Second track Ancient is the one of the ‘epics’. It’s a masterpiece in slow musical development, building in complexity naturally and gradually like Mike Oldfield’s finest work, though more minimalistic in style. The way the music grows and expands organically, almost symphonically, shows the influence of classical composers like Reich and Philip Glass. It also brought to mind the other worldliness of The Orb’s ambient classic double album Adventures Beyond The Ultraworld.

The main melody doesn’t begin for 6 minutes and then really starts cooking, continuing seamlessly into Nimbus. It begins with an arpeggio-based chord sequence on Rhodes before being joined by an airy high-end synth melody that makes the listener feel they are orbiting roughly around Betelgeuse. Flashes of organ act as a nice textural counterpoint to the more spacey synth tones.

The pulsating 6/8 rhythm continues and progresses in fourth track Itinerarium. Musically, it’s the exact halfway point between jazz and electronica, with a complex bass drum pattern gradually emerging as several themes and textures combine in a polyphonic spree (good name for a band?). It then breaks down into a fantastic Rhodes section, with some superb xylophone-esque melodies floating across the sonic spectrum. It slowly dies away like the embers of a fire, bringing this overall section to a close.

Fifth track Embark grips from the outset, with a catchy chugging synth riff combining with an excellent high-end melody that morphs through several sounds. This time the rhythm is an insistent groove in 4/4 that really explodes around the two minute mark. This piece is a good example of Biro’s unique fusion of genres; if pushed I’d classify it as ambient psychedelic jazz/electronica, but really it defies categorization!

Seventh track Levitator starts out hauntingly with a sparse use of sound and space  then unfolds with a superbly controlled natural sense of musical development. It eventually reaches an astonishing crescendo and climax that actually makes you feel you’re levitating. The synth sounds at this point are mind blowing, the music having an emphatic grandeur all the more effective for the understated style that precedes it. This one is my personal favourite.

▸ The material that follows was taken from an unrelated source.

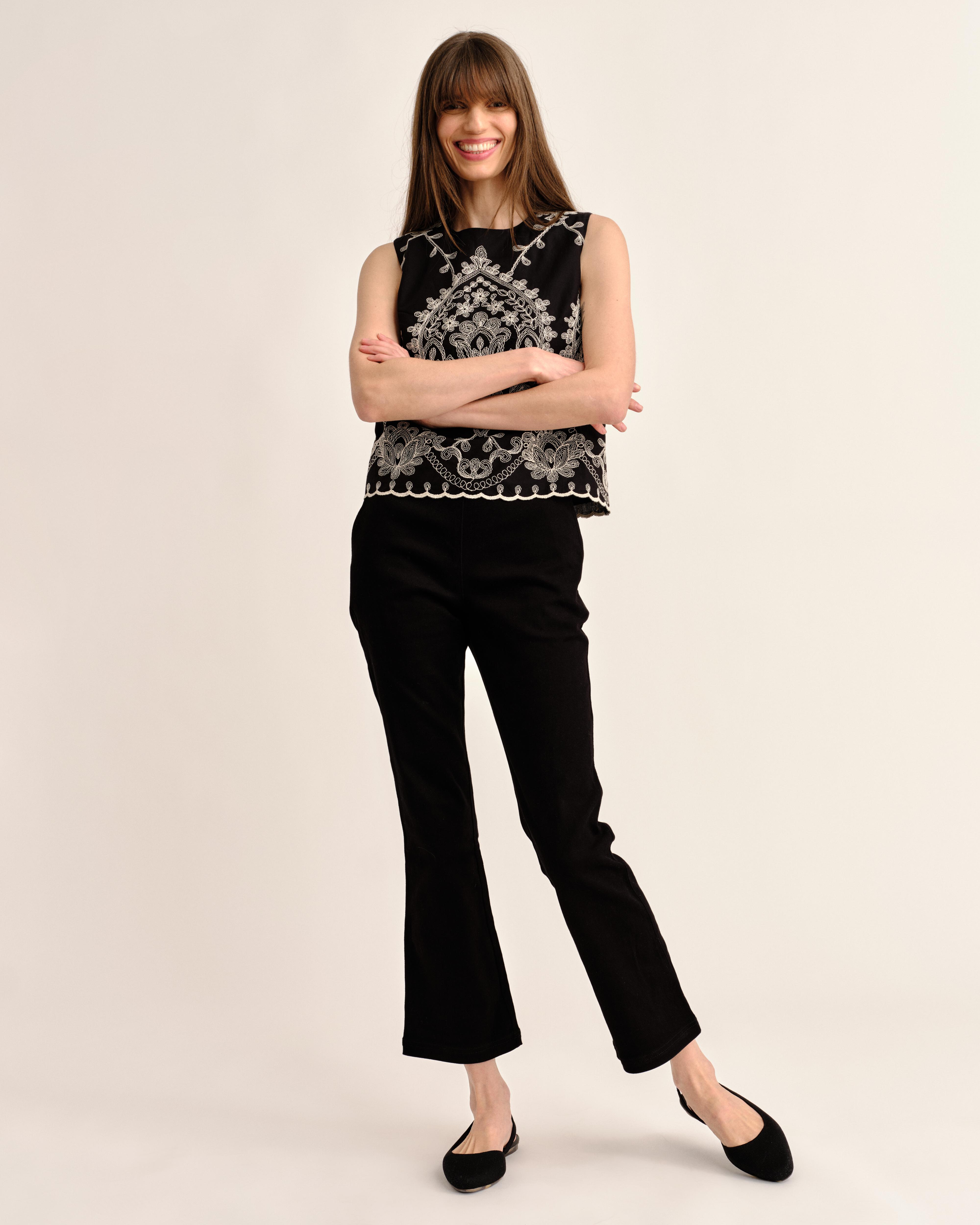 Sunlight filtering through early spring florals defines the Linda top—bright, confident, versatile, bringing warmth and texture to even the simplest pairings.

Seventh track Barren is a wonderful piece of musical impressionism that conjures up the image of being marooned on an alien planet that’s, well, barren. Its mysterious atmosphere brought to mind some of the more abstract moments of Holst’s classic suite The Planets. The following Immortal is equally dreamlike and gives the impression of gently floating through space forever. Once again, it slowly develops into a spinning web of intricate themes and melodies.

Ninth track Returning is a continuation once again with the nicely overdriven electric piano having an almost guitar-like edginess to the tone, which adds a little grit to the overall sound. Spatial, reverb-drenched synth strings give this track an almost orchestral feel which certainly adds to the epic vibe. The music catches fire around the six minute mark, some fabulous speaker-panning swirling sounds creating an intoxicating effect.

The closing piece Outside strips things right down to a sparse, enigmatic soundscape….the sound of gentle rolling waves and the most subtle of melodic themes, while a plethora of sounds from outer space float around as if suspended in mid air. It feels like a suitably mysterious finale for what has been an epic musical voyage.

Overall, this is a highly ambitious but perfectly executed electronica/ambient album. It highlights the importance of the album as an art form, as this work takes the listener on a sonic adventure where the sequence and arrangement of the tracks form a symphonic whole. It’s an album that rewards the listeners investment of attention, and gives the magical feeling of being transported to another place. To fans of this kind of music it will be adored, but it deserves to be appreciated on a much wider scale. If you’re looking for a unique musical experience, look no further than Daniel Biro’s 120 Onetwenty.